Не образумлюсь, виноват...

И слушаю – не понимаю!

Как будто все еще мне объяснить хотят...

Растерян мыслями, чего-то ожидаю... —

надрывно и трагически читает Лешка, для верности подглядывая в раскрытую книгу.

* * *

А в большой проходной комнате тридцатидвухлетняя Фирочка держит на руках новорожденного...

На обеденном столе, на остатках старого байкового одеяла, Любовь Абрамовна проглаживает горячим утюгом выстиранные пеленки.

Длинный и сильно возмужавший за эти годы Серега Самошников курит в открытую форточку и туда же стряхивает пепел.

Экспансивный Натан Моисеевич говорит тоном, не допускающим никаких возражений:

– Прекрасно! Первого назвали в честь Сережиного отца – пусть земля ему будет пухом, второго вы хотите назвать именем другого дедушки – Натаном. Я – против? Нет! Польщен и согласен! Всем большое человеческое спасибо! Но Натаном он будет только для дома, для семьи... А в свидетельстве о рождении мы его запишем как Анатолия! Ласкательно – Толик...

– От греха подальше, – сказала бабушка Любовь Абрамовна. – Сейчас... э-э... надо быть очень осторожными. Пусть он будет Анатолий Сергеевич Самошников – русский. И пусть потом кто-нибудь попробует придраться!..

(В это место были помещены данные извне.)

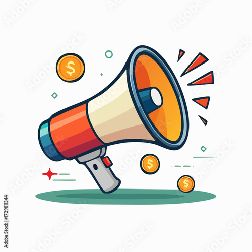 megaphone, communication, advertising, business, marketing, illustration, coin, money, finance, success, symbol, announcement, promotion, speech, loudspeaker, speaker, icon, signs, concept, vector, graphic, design, isolated, white, background, currency, investment, wealth, growth, profit, income, market, economy, strategy, campaign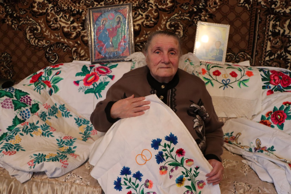 – Я пачала вышываць, калі яшчэ малою была, – дзеліцца ўспамінамі Ганна Сямёнаўна. – Мы тады ў Клеціску жылі. Залезу, бывала, на печ і вышываю. Не сказаць, каб добра атрымлівалася, але жаданне было. Потым ужо не вельмі часу хапала на такі занятак. Замуж пайшла, дзеці нарадзіліся, працаваць трэба было. А вось як на пенсію пайшла, дык на ўсё часу хапала. Спачатку тупала туды-сюды па хаце, не ведала куды сябе падзець. Вясною ды летам на агародзе прападала, кветкамі сваімі займалася, а вось зімою месца сабе знайсці не магла. Вось тады ўзялася за вышыўку. І як другі раз на свет нарадзілася. Ужо зараз палічыць не магу, колькі рушнікоў вышыла, колькі сурвэтак розных, абрусаў, навалачак на вялікія і маленькія падушкі. А яшчэ вельмі люблю вышываць іконы. Іх у мяне таксама шмат. І карцін з прыродай. Гэта мая аддушына. У хаце шмат вы бачылі, а колькі падарыла і дзецям, і родным, і знаёмым. Дачушка Іра, сын Дзіма падтрымліваюць мяне, унукі таксама. Яны мая радасць і святло маёй душы.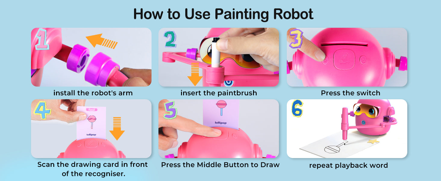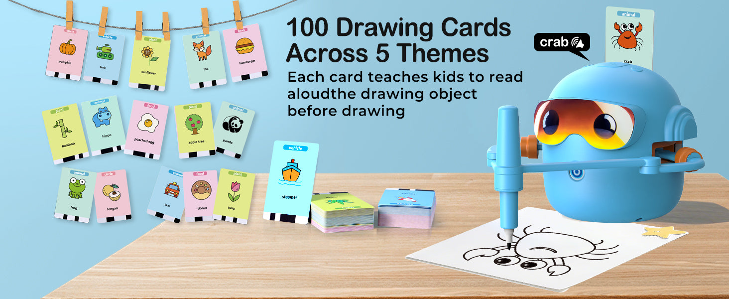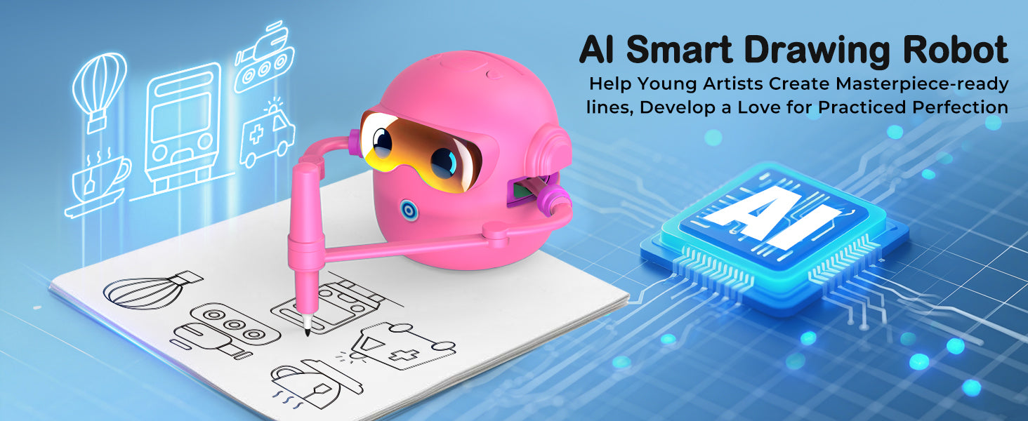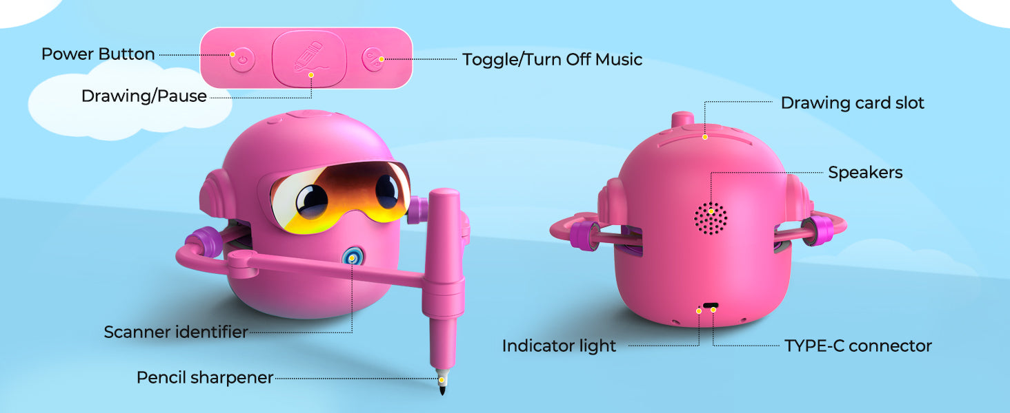 Objevte zábavný způsob, jak děti naučit kreslit! Interaktivní kreslící robot je inspirovaný principy Montessori a pomáhá dětem rozvíjet kreativitu, jemnou motoriku i představivost. Díky jednoduchému systému kreslení podle karet zvládnou vytvářet obrázky i úplní začátečníci. Robot navíc přehrává veselou hudbu, která zpříjemní každou tvůrčí chvilku.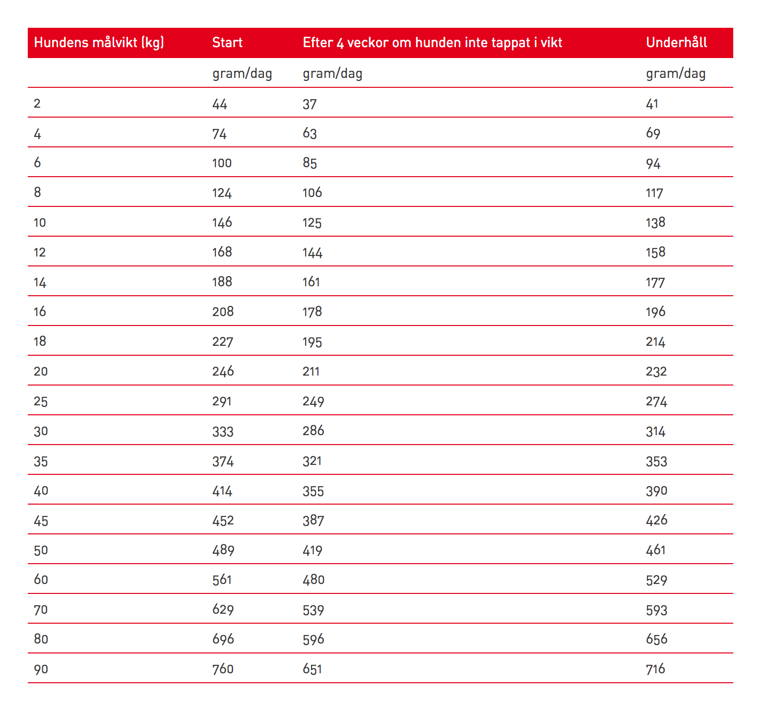 Dessa mängder skall endast ses som en vägledning, eftersom katters och hundars behov varierar.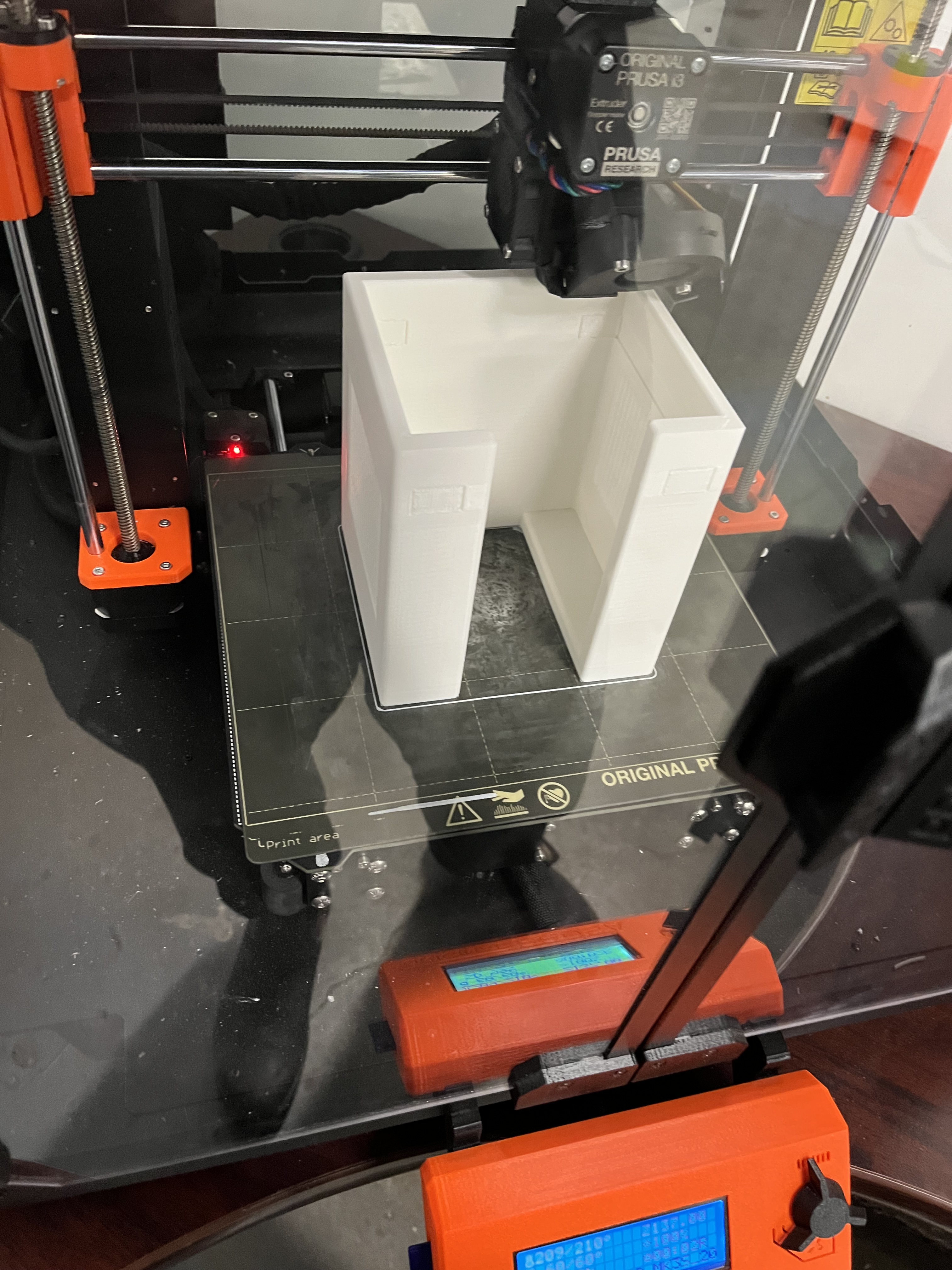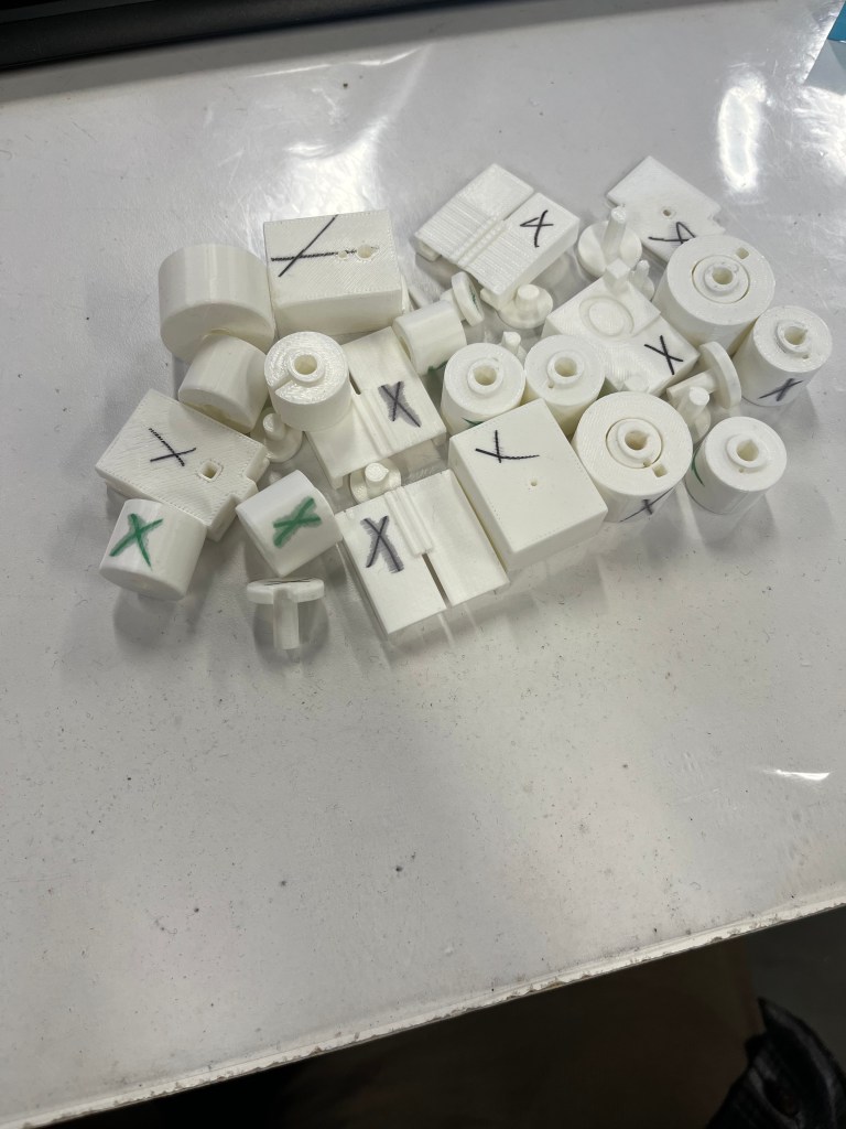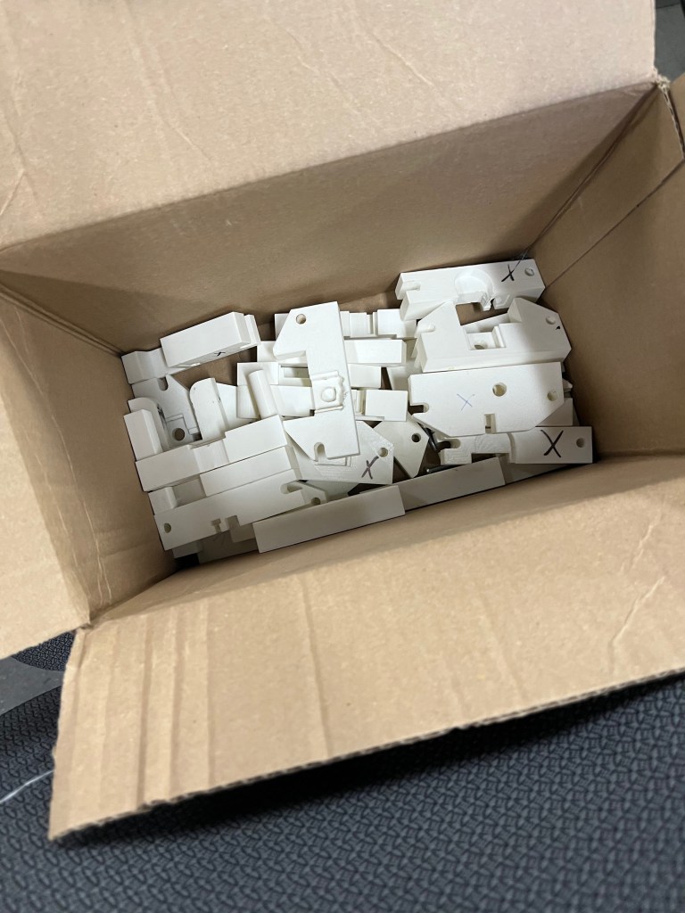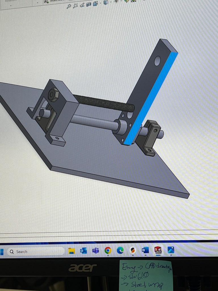Initial iterations faced challenges with the telescopic holder and sliding fork height. To address this, I redesigned and reprinted the main body to fit size requirements. Additionally, since multiple part sizes needed to be accommodated, I implemented adjustable levelers to modify the box height for a secure fit. The main components, including the box, telescopic holder, and levelers, were 3D printed from PLA, while the holder shaft was crafted from scrap wood. Other structural elements were machined from repurposed materials.
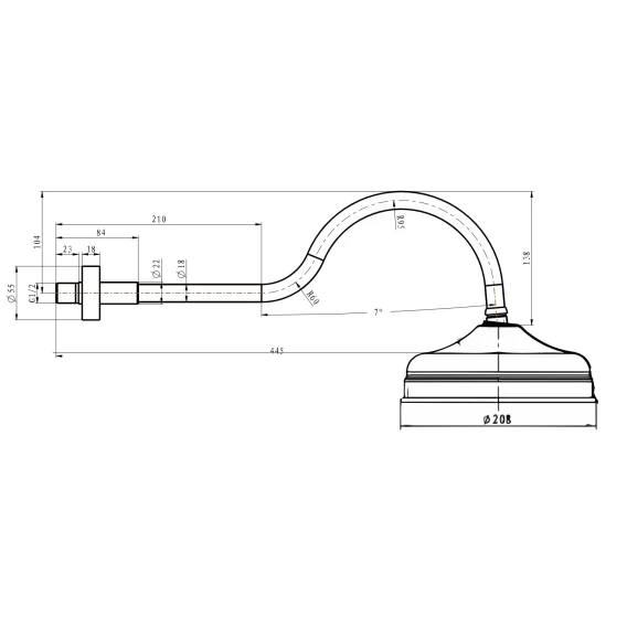 Диаметр верхнего душа 20.8 см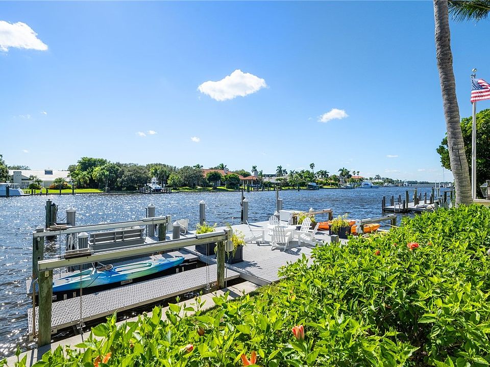 Exceptional West Indies style home designed by architect Greg Anderson to enjoy the waterfront lifestyle. Located in the gated Anchor community of The Moorings, this beautifully maintained residence takes advantage of its deepwater location w/over 100’ of water frontage, 2 lifts, dock & 3 car garage.Enjoy outdoor living w/the waterfront infinity pool/spa, summer kitchen & private beach access. Indoor living features floor to ceiling French doors in living room & in family room. Other features include gourmet kitchen, formal dining, downstairs primary, upstairs great room & impact windows/doors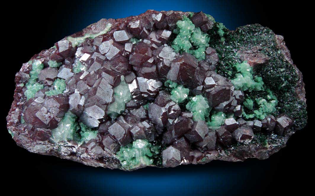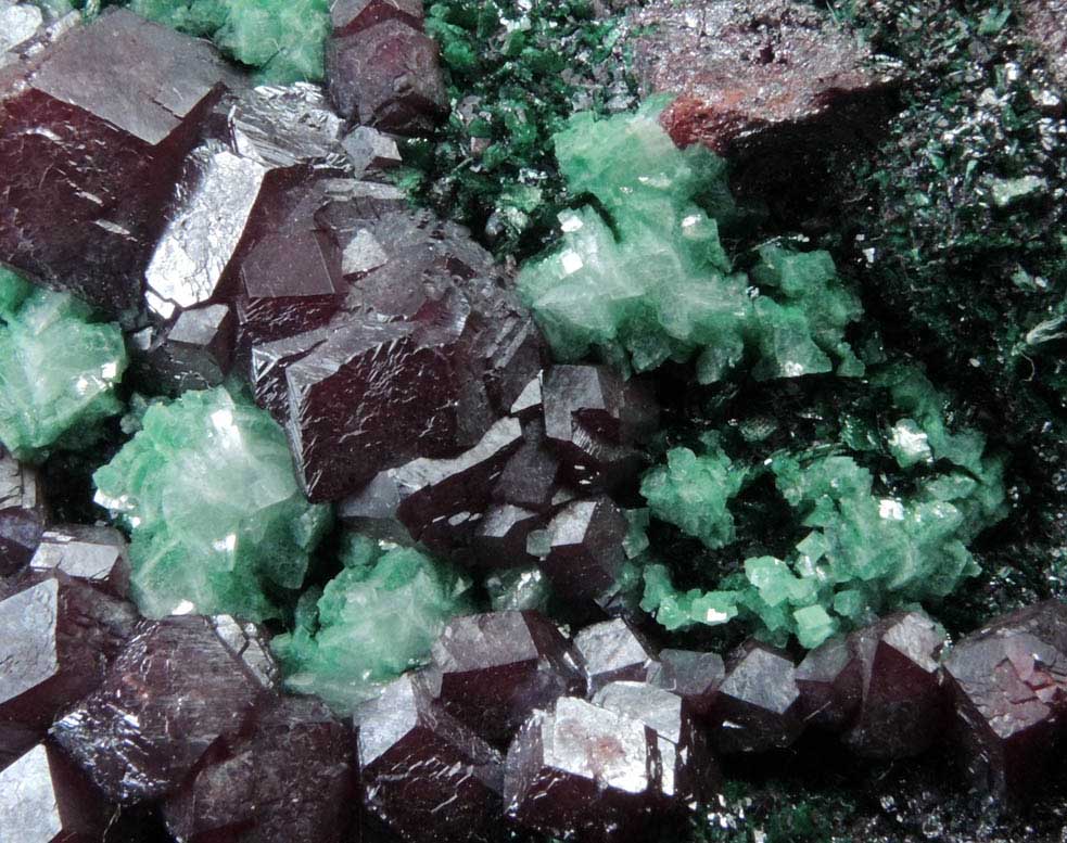 | Description: | Superb lustrous dark-red cuprite crystals to 7 mm with lustrous transparent green malachite crystals to 1 mm plus translucent white rhombohedral calcite crystals to 2 mm. The cuprite crystals exhibit red translucency when illuminated from the rear. Ex. Marshall Sussman in 2013 |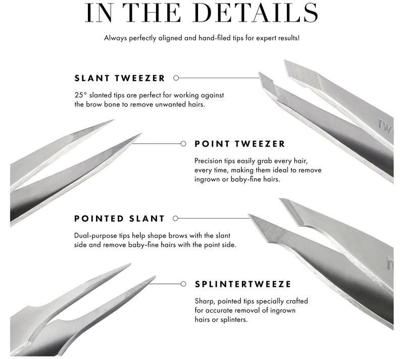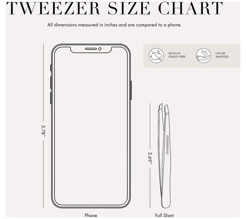 Expertly shape your brows with Tweezerman's classic Slant Tip Tweezer. A staple to your beauty routine and famous for its precision, the Slant Tweezer features perfectly aligned tips that grab every hair, every time and close evenly and firmly to remove hair from the root. Superior calibrated tension for comfort, control, and true precision. How do I use it: Prepare for hair removal by opening pores using a warm washcloth, not too hot to prevent redness. For maximum control, tweeze using your thumb and index fingers near the middle of the tweezer body. Grab the unwanted hair with the tweezer tips slanted at a 25-degree angle, squeeze down on the body of the tweezer, and pull in the direction of hair growth to remove hair from the root. From Tweezerman. Includes: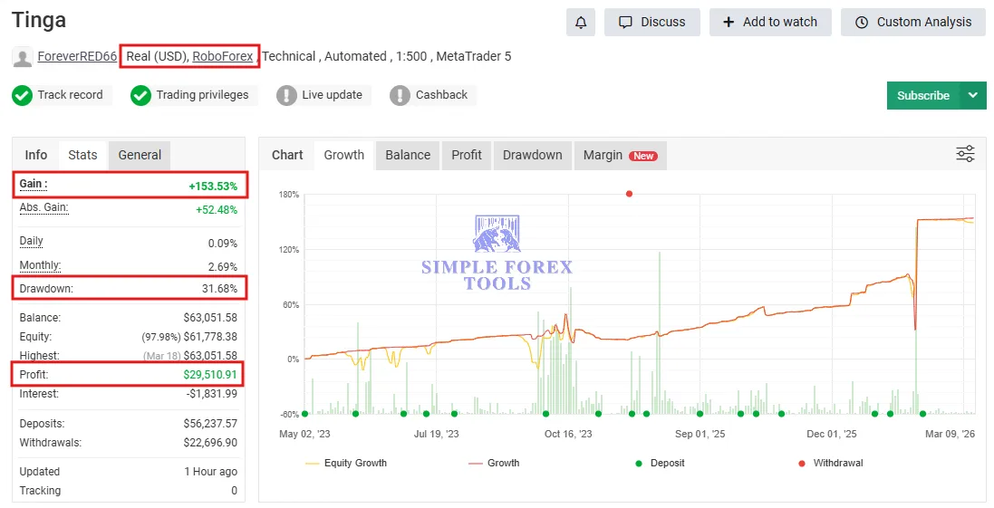 Tinga Tinga Robot MT4 MYFXBook Verified Review | Check Live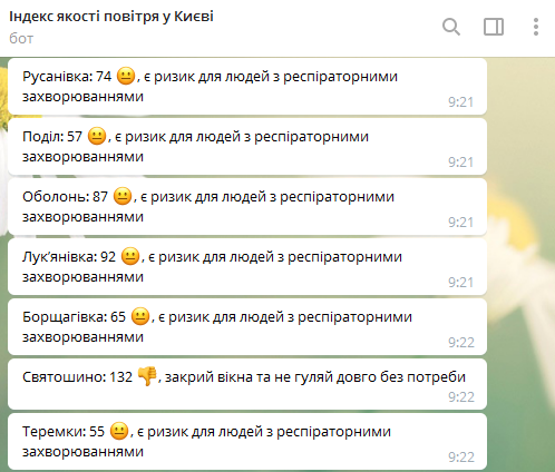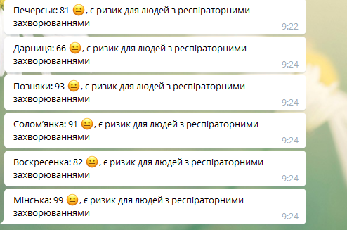 Отметим, что данные по ВДНХ, Дарнице, Минскому массиву и микрорайону Теремки появились в телеграмм-боте "Индекс качества воздуха в Киеве" лишь на днях.

– Ну, это вы напрасно, мама, – смутился отец новорожденного. – Мне, честное слово, как-то неловко...

– Что тебе неловко, что?! Я тебя спрашиваю, мудак!.. – рявкнул дедушка Лифшиц.

– Натан! Прекрати немедленно!.. В доме – дети! Уже хватит разговаривать языком командира взвода батальонной разведки! Война давно кончилась. Ты уже почти тридцать лет закройщик из солидного ателье, – резко сказала Любовь Абрамовна.

– Аи, не морочь мне голову! – отмахнулся Натан Моисеевич и снова повернулся к Сереге: – Что тебе неловко, скажи мне на милость, святой шлемазл?! То, что в стране государственный антисемитизм, или то, что мы с бабушкой пытаемся твоего же ребенка избавить от этой каиновой печати?! Что тебе неловко? Где тебе жмет? Ты много видел русских по имени Натан?

– Да не преувеличивайте вы, папа... – И Серега в сердцах выщелкнул окурок в форточку. – Фирка, ну скажи ты им!

– Они правы, Сережа, – тихо сказала Фирочка и стала кормить грудью сонного Натана-Толика...

А из-за тонкой картонной двери совмещенного санузла слышалось печальное Лешкино завывание:

... Слепец!.. Я в ком искал награду всех трудов?

Спешил, летел, дрожал, вот счастье, думал, близко!..

Пред кем я давеча, так страстно и так низко,

Был расточитель...

Был расточитель...

Был...

Слышно было, что Лешка забыл текст и не находит его в книге...

– «Был расточитель нежных слов», тетеря!!! – не выдержал дедушка.

– Сам знаю! – огрызнулся Лешка из-за двери. – Был расточитель нежных слов...

А вы, о Боже мой, кого себе избрали?!

Когда подумаю, кого вы предпочли...

Последние две строки Лешка буквально прокричал. Но не грибоедовской Софье, а конкретно – маме и папе, а также – бабушке и дедушке!..

В большой проходной комнате все насторожились...

Бабушка замерла с утюгом на весу, а дед Натан молча указал всем сначала на новорожденного Толика-Натан-чика., а потом потыкал пальцем в сторону запертой двери крохотного совмещенного санузла, где...

... Лешка встал с унитаза, брезгливо сдвинул висящие пеленки в сторону, посмотрел на себя в зеркало и прошептал:

Бегу, не оглянусь, пойду искать по свету,

Где оскорбленному есть чувству уголок...

И горько, горько заплакал...

...а в большой комнате новорожденный со спасительным двойным именем – Толик-Натанчик – в глубоком и спокойном сне обедал материнским молоком... И если попытаться разглядеть эту спящую и чмокающую мордочку поближе, так, чтобы она заполнила весь экран, – легко будет убедиться, что младший брат совершенно не будет похож на старшего брата!